Tuesday, December 30, 2014

2014 - A Year of Self Discovery.

About a year and half ago, I went through a bit of an identity crisis.  I had what should have been the perfect job, but was unhappy professionally.  For the first time in six years I wasn't pregnant or nursing but somehow still felt like my body wasn't my own.  After a lifetime of struggling with my weight I finally figured it out and lost a ton - going from a size 18 to a size 4.  Yet I didn't feel comfortable in my own skin.  I had no idea who or what I was anymore.  So I left my job and spent the summer with the boys.  I tried several different styles, read a bunch of self help books and generally tried to analyze myself into happiness.  It didn't work.  The only think I learned during that time was that I am not a great 'stay at home' mom - I need work to be self fulfilled.

So I went back to work, disappointed in myself and still not knowing exactly what my place in life should be.  Now, a little over a year later, I'm looking back at 2014 and realize that this is the year that I found myself.  I finally found my work style and now know why I was so miserable before and what I need to do professionally to be happy.  I've discovered that although I miss the closeness I had with my infant sons, they are so much more fun now that their personalities are emerging.  And I've found my own style and feel comfortable in my new skin - stretch marks, wrinkles and all.

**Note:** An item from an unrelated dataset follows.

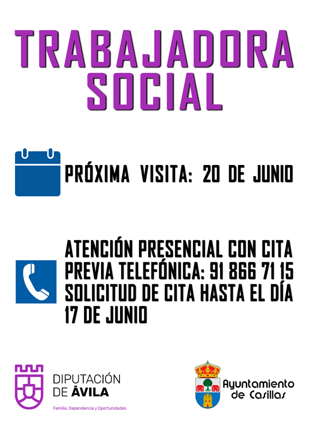 Visita Trabajadora Social (Lunes – 20 de junio) Publicación del cartel informativo sobre visita de la Trabajadora Social para el próximo día 20 de junio y del sistema de cita previa.

The funny thing is, I didn't find any of this in books or mommy groups.  I found no answers while staring in the mirror and trying to analyze every aspect of my misery.  I found the answers by jumping into life head on.  When things didn't feel right I changed them.  I didn't analyze what the next step should be, I just took it.  If it wasn't right, I took another.  Then another.  And somehow, I ended up here.  At the end of 2014 and very excited about what 2015 will bring.